# Thread: Trouble with a product topology problem

1. ## Trouble with a product topology problem

Hello, This is my problem: let $\displaystyle d:X\times X\rightarrow R$ be a distance on X. We know d is continous with the prodcut topology when the topology given to X is the metric topology.

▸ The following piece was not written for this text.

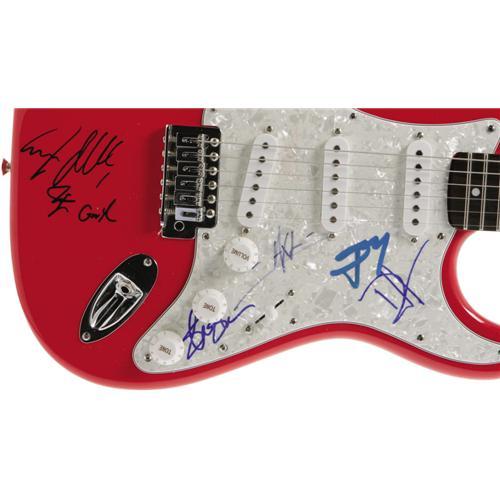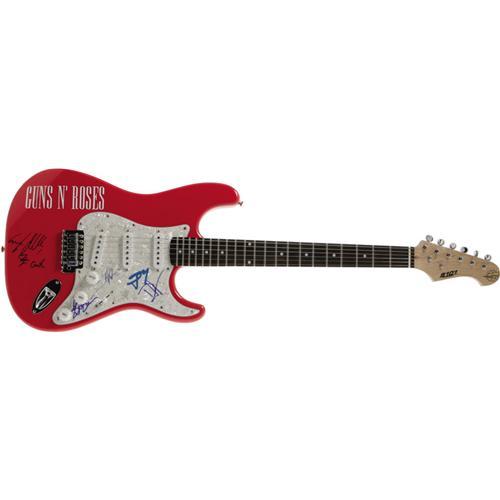 <B>Guns N' Roses Autographed Guitar.</B></I> A red S101 Standard six-string electric guitar with mother-of-pearl pick guard, decorated with band logo and signed by Axel Rose, Slash, Duff McKagan, and others in blue marker. In Excellent condition.<BR><BR><b>Shipping:</b> Musical Instruments, Large (<a target="_blank" href="http://www.heritageauctions.com/common/shipping.php">view shipping information</a>)

Show tha if d is continous with the product topology when the topology given to X is $\displaystyle \mathcal{F}$ then this topology is finner than the metric toplogy.
Attempts: we know that there is a coarsest topology for which d is continous is $\displaystyle \{d^{-1}(A):A$ open set in R$\displaystyle \}$ I tried to prove that this topology is the product topology of the metric but this doesn't seem to be the case.
I also tried to prove directly that if U is open in the metric topology then U is in $\displaystyle \mathcal{F}$

2. The open balls $\displaystyle B(x_{0},\epsilon) := \{ y \in X : d(x_{0},y)<\epsilon \}$ are a basis for the topology on X, which is induced by the metric d.
It is therefor sufficient to show that every open ball is also in $\displaystyle \mathcal{F}$.

For every $\displaystyle x_{0} \in X$ consider the map

$\displaystyle h: X \rightarrow \mathbb{R}$
$\displaystyle h(x):=d(x,x_0)$
, which is the composition of
$\displaystyle f:X \rightarrow X \times X$
,$\displaystyle f(x):=(x,x_{0})$
and
$\displaystyle d:X\times X \rightarrow \mathbb{R}$

both are continious in the topology $\displaystyle \mathcal{F}$, so the composition is also continous and we have
$\displaystyle B(x_{0},\epsilon)=h^{-1}((-\infty , \epsilon)) \in \mathcal{F}$

3. I think you solved my problem, thanks